Mumbai: Unabated flow of funds from small investors into equity schemes offered by mutual funds through the systematic investment plans (SIP) has helped the domestic equity markets to contain high volatility and find strong support at lower levels amidst persistent selling by foreign portfolio investors (FPI’s).
According to fund managers, investment through the SIP route has seen a steady rise over the past several months and small investors with long-term financial goals are considering every dip in the market as a good opportunity to build their portfolio. “This is just the beginning and a big wave is yet to come,” observed Jaideep Bhattacharya, managing director and chief executive officer of top3choice.com, a mutual fund distribution platform that runs on artificial intelligence.

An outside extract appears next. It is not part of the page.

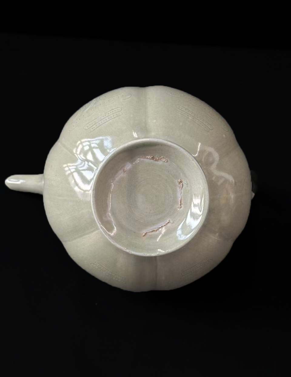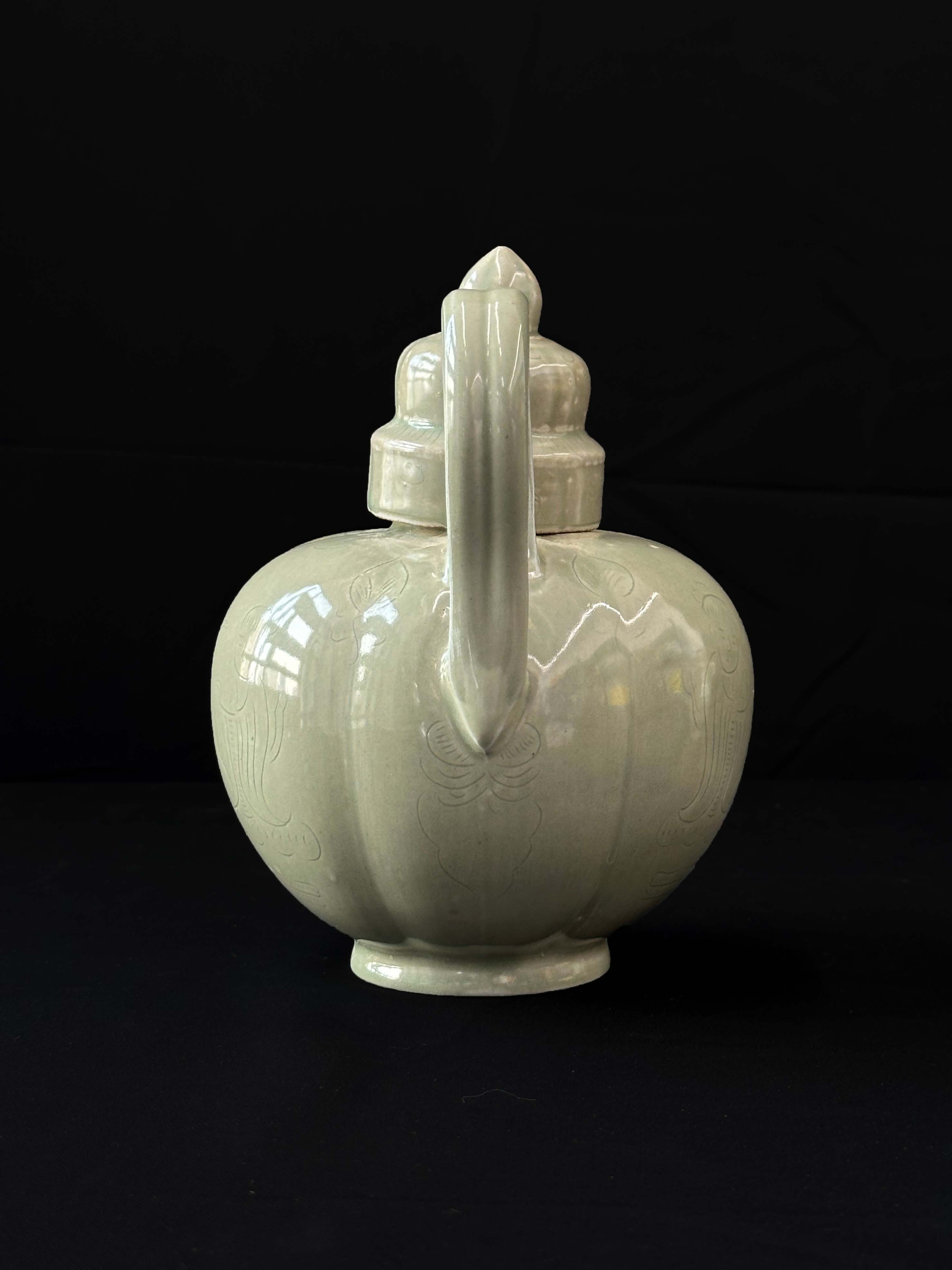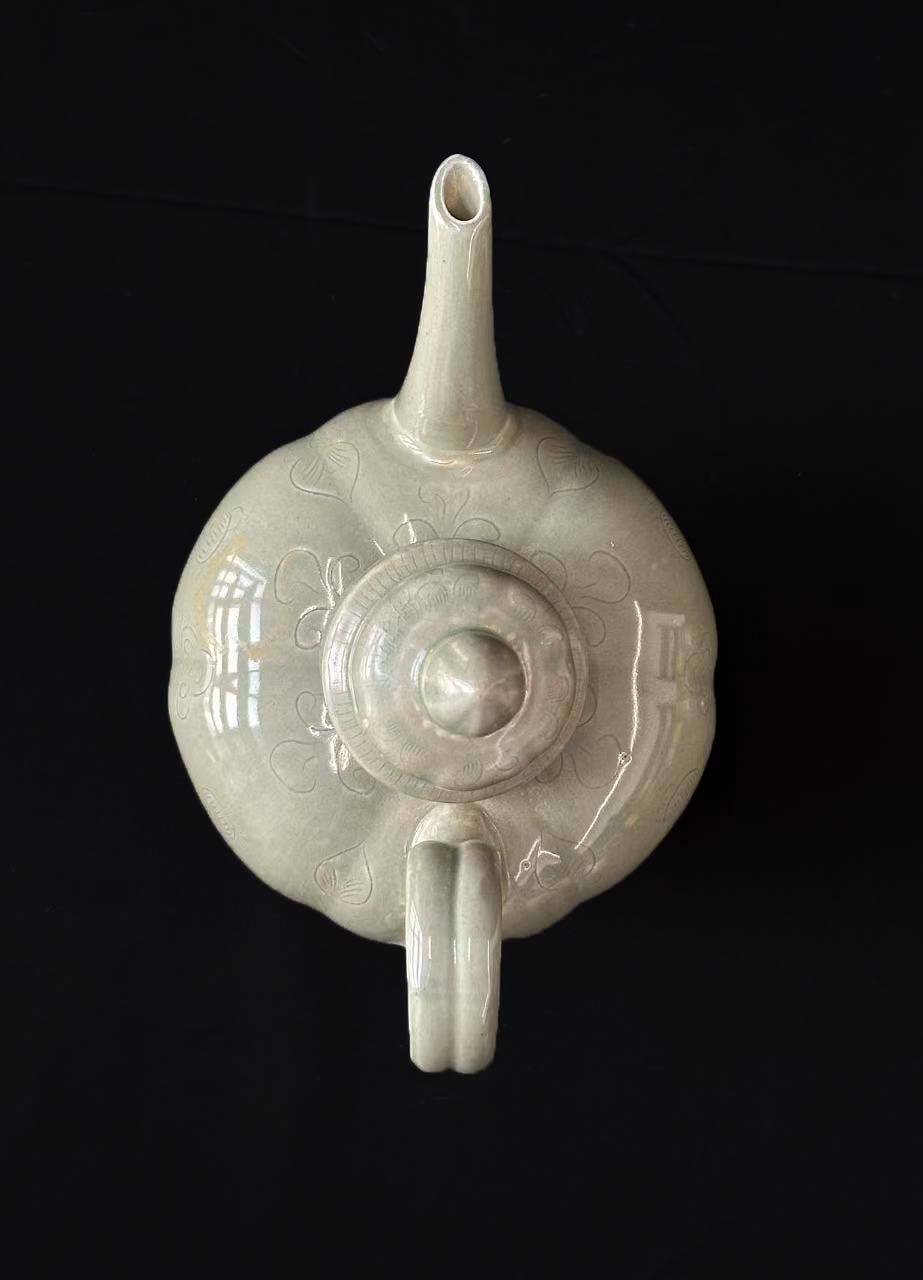 壶身作六棱瓜瓣造型,线条饱满硬朗,既增加了握持时的稳定性,又让器型在雄浑中透着灵动;每瓣棱面满饰细线刻人物纹,人物姿态舒展、衣纹流畅,似宫廷仕女或仙人形象,每一道纹路都带着匠人的呼吸感,尽显越窑 “刻花如丝” 的工艺巅峰;盖顶宝珠钮与瓜棱壶身呼应,造型精巧雅致,盖身带透气孔设计,兼具实用与审美。

“With the return of fixed deposits expected to fall further and other asset classes such as gold and real estate likely to yield subdued returns, investors are flocking into equities, which they believe would fetch them enough returns to beat inflation,” he added.
According to the latest data released by the Association of Mutual Funds in India (AMFI), the net inflow into mutual fund’s equity schemes hit a nineteen-month high of Rs 9,196 crore in December 2016.
The inflows from small investors came especially at a time when domestic equities witnessed correction amidst growing concerns regarding a slowdown in corporate earnings growth due to demonetisation.
“This shows the financial maturity of both investors and advisors. There are currently around 1.10 crore SIP accounts in the industry out of which 61 lakh accounts are over 5 years old, which suggests small investors are not concerned about short-term corrections and volatility in the market. This has never happened earlier,” pointed out Swarup Mohanty, chief executive officer of Mirae Asset Global Investments.
According to him, the average monthly inflow into equity schemes through SIP is currently around Rs 4,000 crore. “It took a long time for the industry to reach this milestone. However, the next Rs 4,000 crore would be covered in a very short span of time,” added Mr Mohanty.